**DIRECTIONS FOR THIS TASK:** Print the listing as it stands, omitting all images.

**GIVEN MATERIAL:**
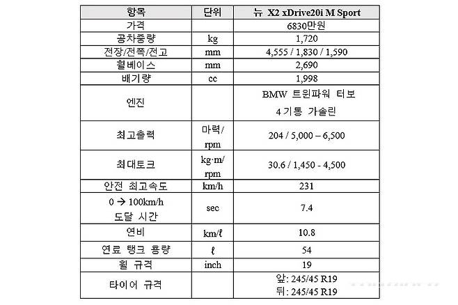 X2 xDrive20i MSP에는 2.0리터 4기통 터보엔진과 7단 듀얼클러치 변속기, xDrive 사륜구동을 통해 최고출력 204마력(5000-6500rpm), 최대토크 30.6kgm(1450-4500rpm)다. 공차중량 1720kg, 100km/h 가속 7.4초, 최고속도 231km/h, 연비 10.8km/ℓ(도심 9.4, 고속 13.1)다.
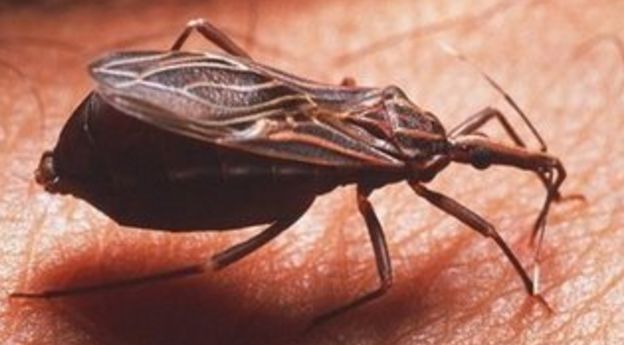 目前通缉令上的锥蝽,主要传播的是美洲锥虫病,又叫克氏锥虫病、查加斯病。锥虫是一种单细胞寄生虫,就像蚊子体内的疟原虫可以让人得上疟疾一样,锥蝽体内的锥虫也可以通过吸血传播。除此之外,锥蝽吸血后排在人身上的排泄物中也有锥虫的幼体,也可以传播疾病。
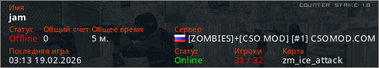 Играет на Counter Strike 1.6 сервере. Страна: РоссияПервый раз замечен 03:09 19.02.2026

**EXPECTED ANSWER:**
 X2 xDrive20i MSP에는 2.0리터 4기통 터보엔진과 7단 듀얼클러치 변속기, xDrive 사륜구동을 통해 최고출력 204마력(5000-6500rpm), 최대토크 30.6kgm(1450-4500rpm)다. 공차중량 1720kg, 100km/h 가속 7.4초, 최고속도 231km/h, 연비 10.8km/ℓ(도심 9.4, 고속 13.1)다.
 目前通缉令上的锥蝽,主要传播的是美洲锥虫病,又叫克氏锥虫病、查加斯病。锥虫是一种单细胞寄生虫,就像蚊子体内的疟原虫可以让人得上疟疾一样,锥蝽体内的锥虫也可以通过吸血传播。除此之外,锥蝽吸血后排在人身上的排泄物中也有锥虫的幼体,也可以传播疾病。
 Играет на Counter Strike 1.6 сервере. Страна: РоссияПервый раз замечен 03:09 19.02.2026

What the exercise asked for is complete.